I really enjoyed getting to know Barba in more depth in this novel. Conflicted, honest, brave and not afraid to take risks or invest in others (eventually!) she is a joy to get to know. Though her family feature as minor characters, they bring light relief to an otherwise dark tale and the interactions between them are real and display the deep fondness that families, even dysfunctional ones, enjoy. That Vincent Ruiz also returns was a bonus. Seeing him through yet another character’s eyes (other than Joe’s) also gave him additional depths and enhanced his already admirable qualities.
I love the way Robotham writes.
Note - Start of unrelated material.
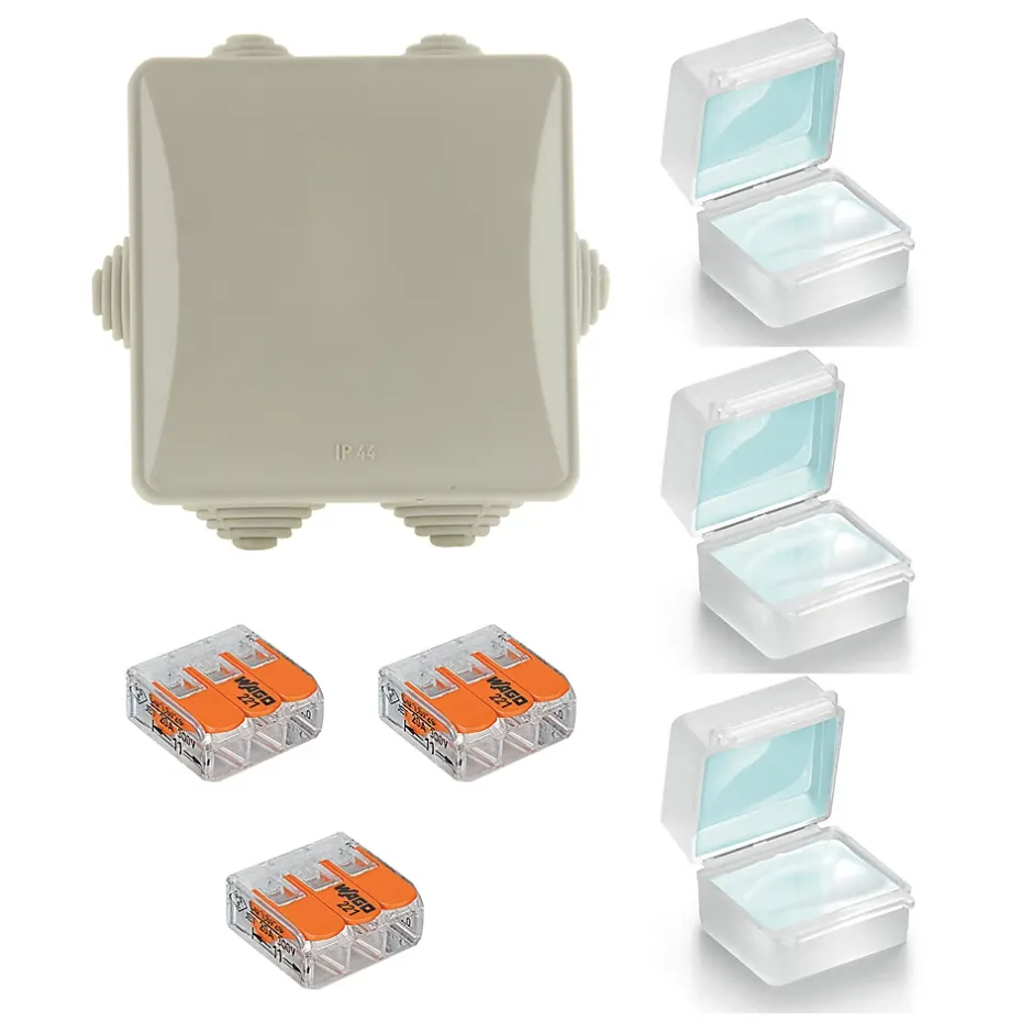 Kit de connexion étanche. 3 bornes WAGO 221 3 entrées. Boite de dérivation étanche. Dimensions de la boîte : 80 x 80 x 40 mm. Indice de protection : IP44. 3 gel box Connex S. Dimensions : 38 x 30 x 26 mm. Indice de protection : IPX8

Whether it’s his pithy one-liners (when describing young people defacing a wall, he writes they were ‘practicing their literacy skills’) or the poignant insights he offers into prostitution, parenthood or the complex relationships we form with family, friends, and others we love and loathe, there is such beauty and elegance to his writing. Robotham is capable of poetic prose, sharp, moody scenes and positively heart-wrenching moments as well. His descriptions of Amsterdam were wonderful. The canals, the red light district and the cobbled streets were brought to life. Equally, however, Robotham captures the horror of confinement, the agony of displacement and loss, of being always “Othered”, and the physical and emotional roller coaster of childbirth. This book segues from making the reader feel assured to placing us, through the characters, in situations where we lose our equilibrium and you have to keep reading in order to regain footing. Reading The Night Ferry is, like all Robotham books, an utterly thrilling experience.